Between 1938 and 1941, Agnes Smedley visited both Communist and Kuomintang forces in the war zone. The American covered what was the longest tour of the Chinese war front by any foreign correspondent, male or female. During her time in Shanghai, she had an affair with Richard Sorge, the Russian spymaster, and was herself later accused of being a spy by her own countrymen. After the war, Smedley returned to the U.S., but after being accused of espionage she moved to Britain in 1949. She died in the U.K. the following year, and later her ashes were brought to Babaoshan Revolutionary Cemetery.

Israel Epstein, meanwhile, was a Pole who had been raised in China from the age of two. His parents considered China a safe haven after being on the receiving end of anti-Semitism elsewhere. In 1957, while in his early forties, Epstein became a Chinese citizen, and seven years later he became a member of the Communist Party of China. During the Cultural Revolution Epstein was accused of plotting against Zhou Enlai and was imprisoned in 1968. He was subjected to solitary confinement, but on his release, Zhou Enlai apologized, and Epstein had all his privileges restored. Epstein remained loyal to the ideals of Communism right up to his death in 2005. His funeral ceremony was attended by both President Hu Jintao and Premier Wen Jiabao.
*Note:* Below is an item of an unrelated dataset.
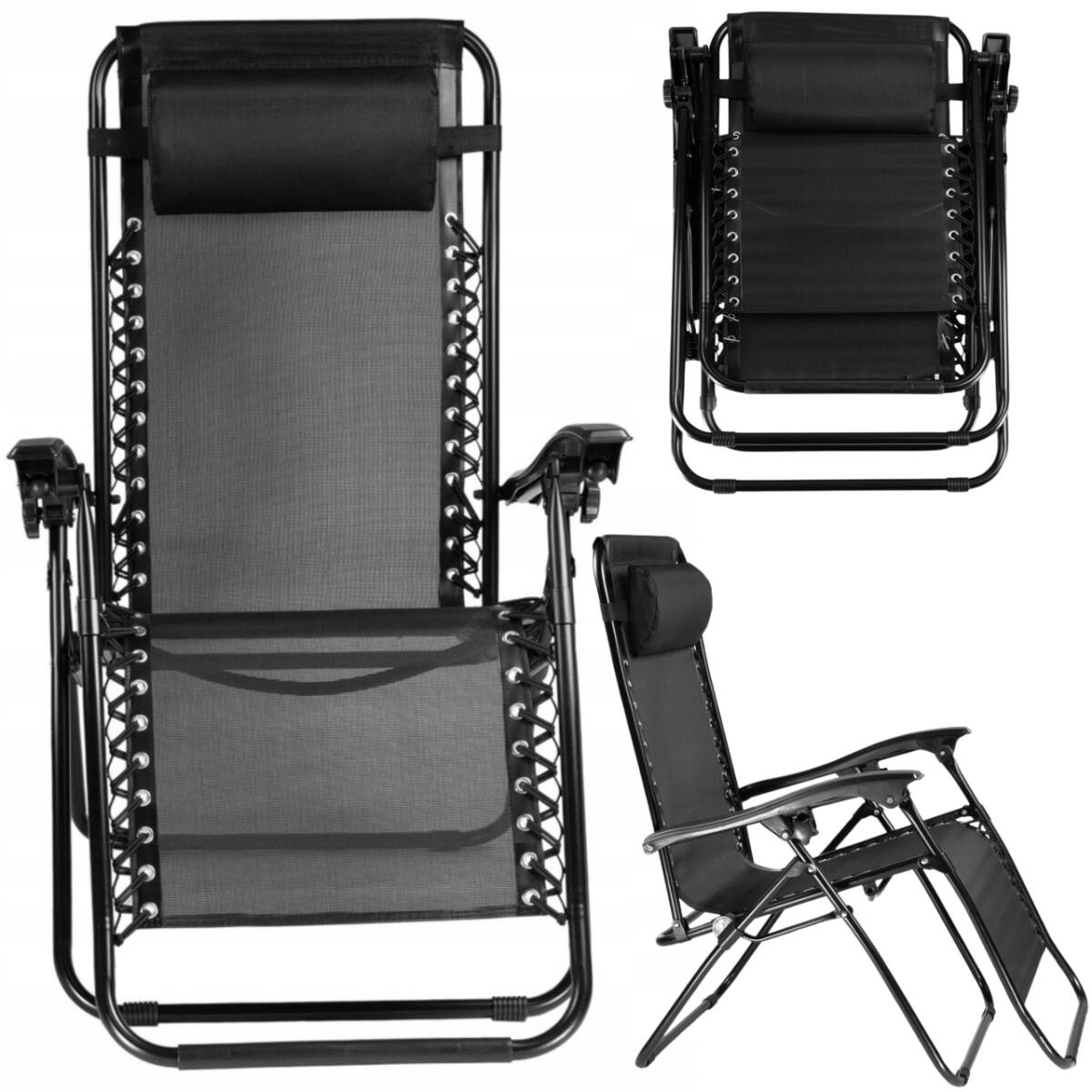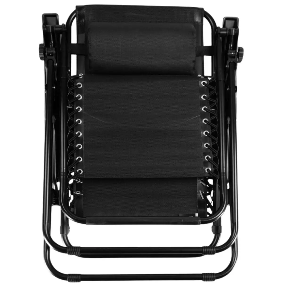 Садовий і пляжний шезлонг, розкладне крісло з підголівником, чорний
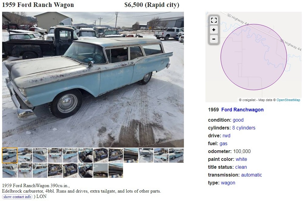 You’re right, Ford didn’t offer a 390 V8 for this car in 1959, but there’s one in here, according to the seller. Without a VIN, it’s impossible to tell what the original engine would have been but there were four choices in 1959, three V8s and a six-cylinder. The seller has this 1959 Ford Ranch Wagon posted here on craigslist in one of my favorite cities on the globe: Rapid City, South Dakota. They’re asking $6,500, here is the original listing, and thanks to Zappenduster for the tip!

I spent a whole afternoon strolling among the graves at Babaoshan Revolutionary Cemetery. I was filled with a sense that the graves here not only hold the remains of some very special people, but also a treasure trove of stories and memories of what had been the momentous struggles of those lying here, and during what was the most turbulent period of history for both China and much of the world.